余情知道凌安之已经预感到危险将近,可能是怕连累她,不管不顾的搂住他的脖子:“小人动作太快,我看如何退让也难以保全,安西军嫡系便近十万,绝对有一战之力,到时候拉着翼王的大旗,不由得他不反,余家全部家产变卖,支持着也能打个三五年,何必在这里任人宰割?”
凌安之惨笑:“且不说凌氏百年声誉,毁于一旦,我成了无君无父、欺师灭祖的畜生;也不说反军出师无名,面对百万王师必将兵败;单讲江山一体,怎可铁蹄践踏、分裂割据、会牵连无数人,此事不要再提。”
余情咬牙:“官逼民反,狗贼与社稷无益,留之何用?”
凌安之拉开她,看着她的眼睛:“现在大楚北境,可还有战事?”
余情不知道他是何意,问这个作甚:“外敌最强的突厥,也仅是能扰边,北境已平。”
凌安之释然:“我和凌霄生来,就是给大楚打仗的,仗打完了,我俩气数也就尽了,这就是宿命,多年前便心知肚明会有这么一天,你也不要过于纠结。”
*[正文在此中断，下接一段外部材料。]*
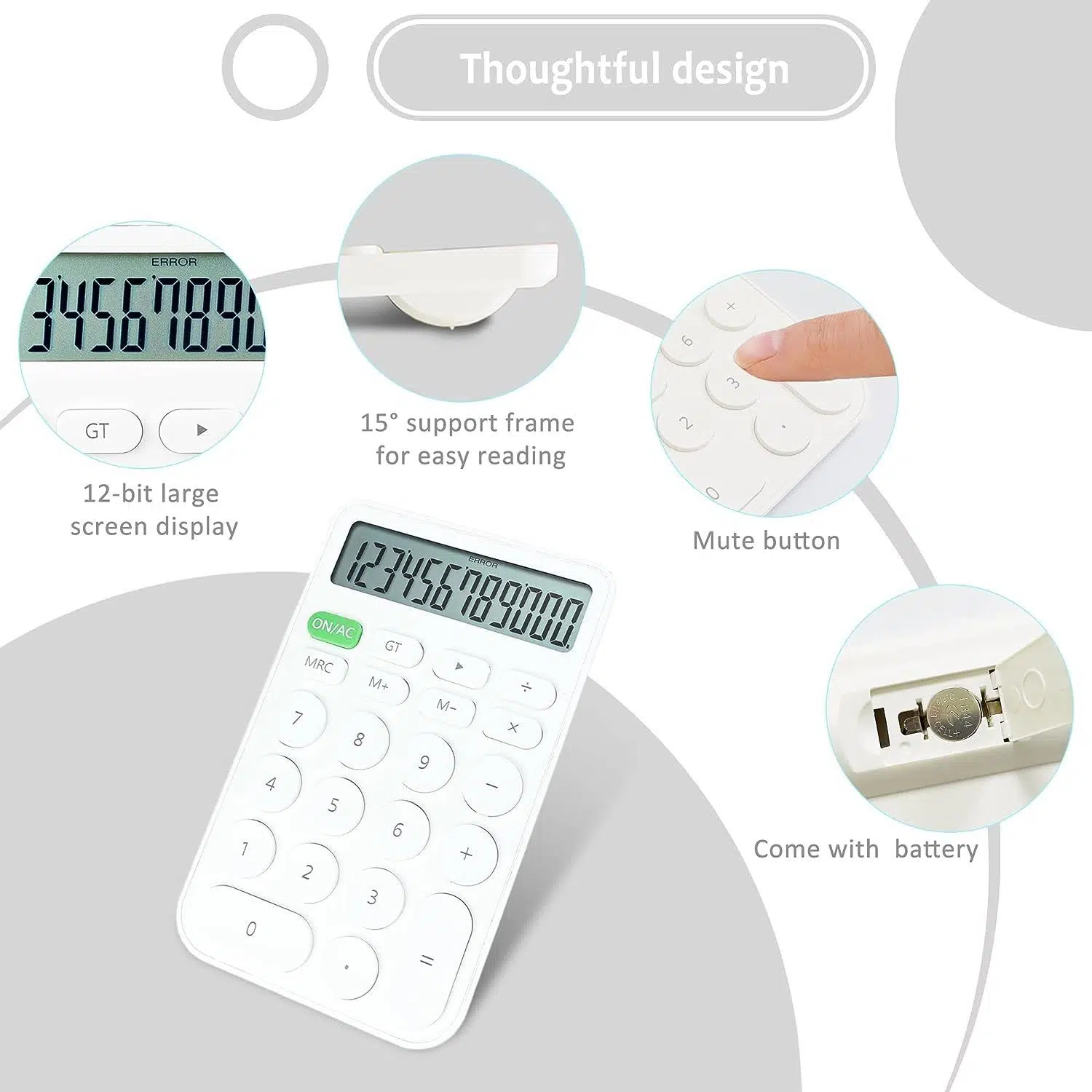 【Enerji Verimli Tasarım】Temel hesap makinesi ekranı, optimum görüş alanı ve stabilite için 15 ° eğimli ekranla tasarlanmıştır. Hesaplaması ve okunması rahat ve rahattır. Herhangi bir işlem yapılmadan 10 dakika sonra otomatik olarak kapanacaktır, enerji ve elektrik tasarrufu sağlar, lütfen unutmayın, estetik hesap makinesi paketi bir adet AAA pil içerir, geçici olarak güneş enerjisini desteklemez.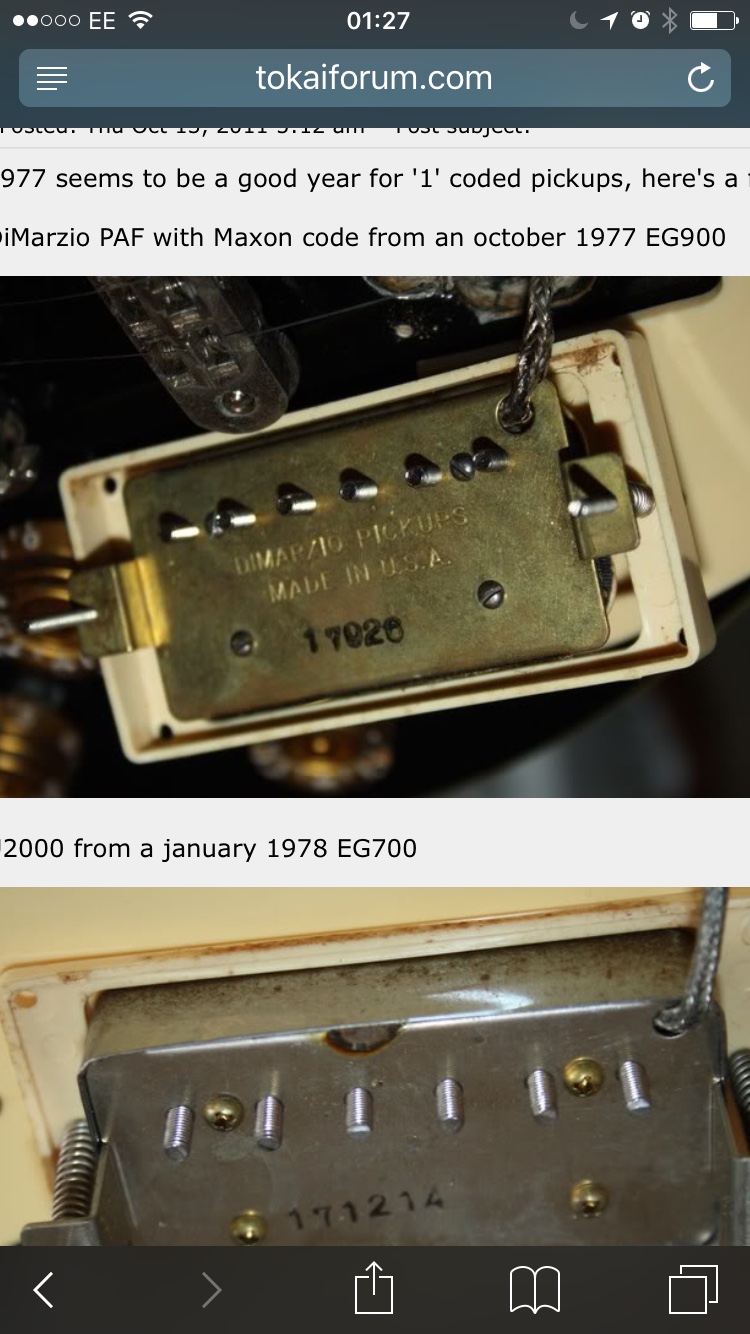 My own pickups were incorrectly ID'd as DMZ by 2 luthiers. I have contacted DiMarzio and the helpful guys at Japan Axe to get a proper ID on what mine are - which are clones of DMZ super 2 made by Maxon on production line 2 in July 1979 - super 80s using the DMZ super 2 format even got the early 70s single core hookup and outer braid.

余情心下百转千回,她了解凌安之,一根通天的脊梁,装的是河山这些事,平生保卫还来不及,怎么可能拥兵践踏?不过她有三寸气在,便不可能坐以待毙:“我回太原,问问小哥哥现在怎么办。”
凌安之心道回去也没用:“回去是对的,不过以后不要再来找我了。”他现在过于惹眼,余情毕竟是余家少主,如果被发现来找他,必然更受牵连,别有用心者肯定会引火烧向翼王。
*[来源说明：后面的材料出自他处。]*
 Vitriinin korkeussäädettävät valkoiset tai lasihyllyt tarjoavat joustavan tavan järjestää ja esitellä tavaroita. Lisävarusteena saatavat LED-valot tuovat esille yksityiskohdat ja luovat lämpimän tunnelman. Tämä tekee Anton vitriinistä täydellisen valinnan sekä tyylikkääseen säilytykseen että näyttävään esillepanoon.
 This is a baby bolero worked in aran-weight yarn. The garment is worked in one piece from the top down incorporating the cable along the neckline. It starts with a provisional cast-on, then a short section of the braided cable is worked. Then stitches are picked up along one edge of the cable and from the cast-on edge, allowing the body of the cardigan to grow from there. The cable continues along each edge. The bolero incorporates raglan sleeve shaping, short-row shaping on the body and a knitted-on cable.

余情以为自己听错了,不久前还依依惜别,你侬我侬,“三哥,你明知道…”
凌安之说话声音不大,好像一阵风就能把话吹随了,他拉着余情的袖子,说话内容也好似风马牛不相及,语速较平时慢很多:“我父亲比我娘大二十四岁,她和我父亲在一起的时候,已经怀我两三个月了,能让我娘那样的大家闺秀未婚先孕的,估计我亲生父亲也甚得我娘心意。”
余情眨着泪眼,吸溜着翘挺的小鼻子不知道他要说什么。
凌安之声音飘渺中带着坚决:“多年后我猜测,最开始我娘虚与委蛇忍辱负重,可能也就是想把我蒙混过关的生下来,可是后来,也许是因为老王爷怕我娘伤心寻短见容下了我这个野种,她从心底感激接受了我父亲,就又有了凌忱。”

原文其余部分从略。